-- WHAT NEEDS TO BE DONE --
Print the data below again in full, exactly as it stands, with no images.

-- STORED DATA --
*** Block opens ***

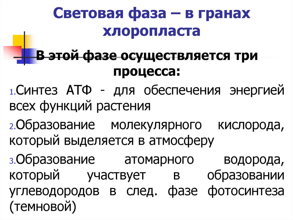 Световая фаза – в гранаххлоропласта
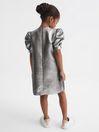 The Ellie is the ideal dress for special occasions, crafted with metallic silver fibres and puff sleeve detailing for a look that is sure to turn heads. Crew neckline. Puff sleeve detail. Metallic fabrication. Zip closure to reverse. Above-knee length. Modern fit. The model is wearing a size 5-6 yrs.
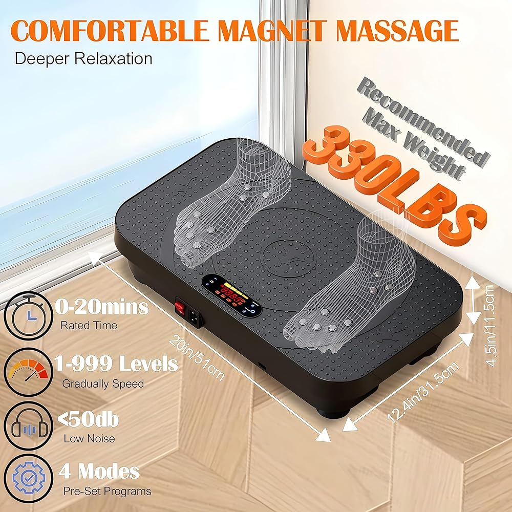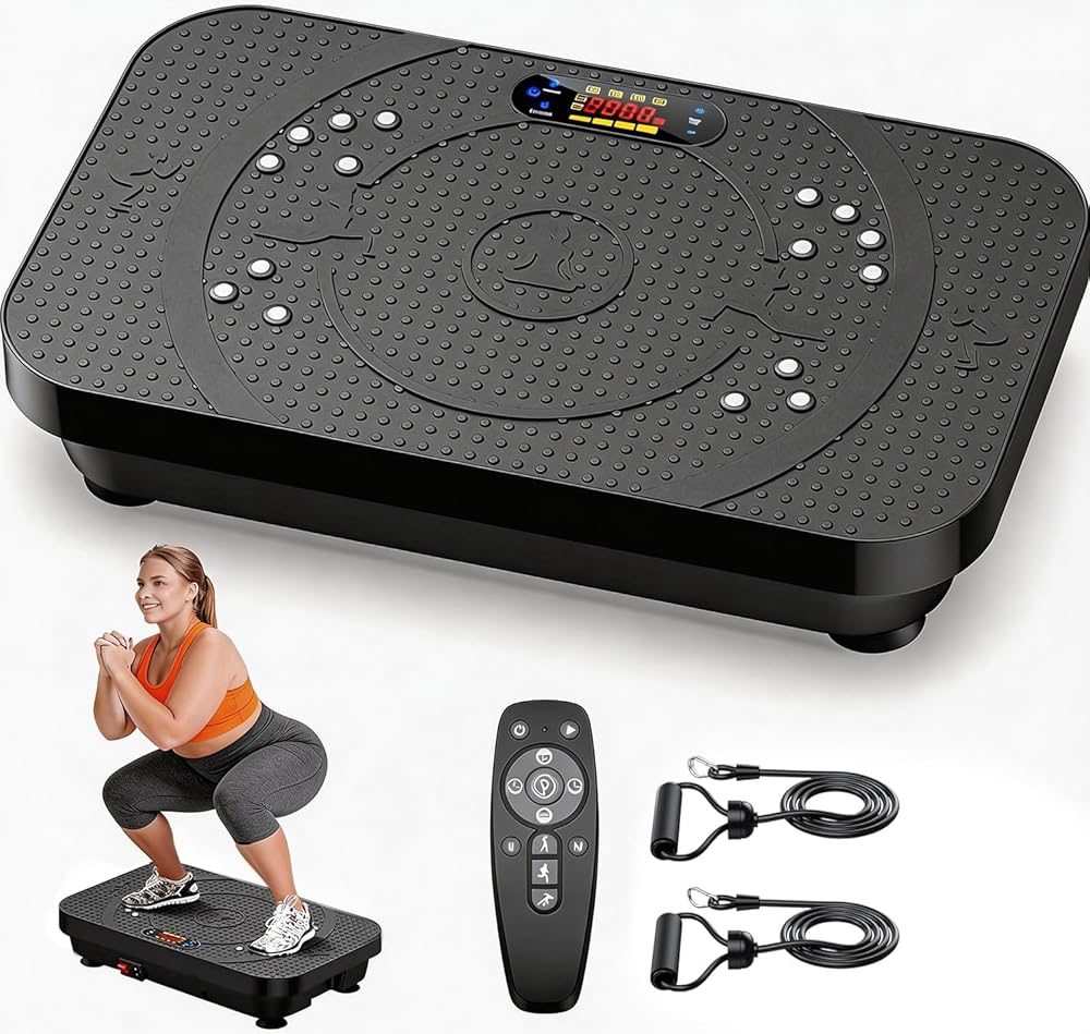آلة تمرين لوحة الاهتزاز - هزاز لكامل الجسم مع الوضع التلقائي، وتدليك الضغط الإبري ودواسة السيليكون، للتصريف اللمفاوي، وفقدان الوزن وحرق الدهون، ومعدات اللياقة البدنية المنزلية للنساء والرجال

*** Block closes ***

-- PROBLEM SOLUTION --
 Световая фаза – в гранаххлоропласта
 The Ellie is the ideal dress for special occasions, crafted with metallic silver fibres and puff sleeve detailing for a look that is sure to turn heads. Crew neckline. Puff sleeve detail. Metallic fabrication. Zip closure to reverse. Above-knee length. Modern fit. The model is wearing a size 5-6 yrs.
آلة تمرين لوحة الاهتزاز - هزاز لكامل الجسم مع الوضع التلقائي، وتدليك الضغط الإبري ودواسة السيليكون، للتصريف اللمفاوي، وفقدان الوزن وحرق الدهون، ومعدات اللياقة البدنية المنزلية للنساء والرجال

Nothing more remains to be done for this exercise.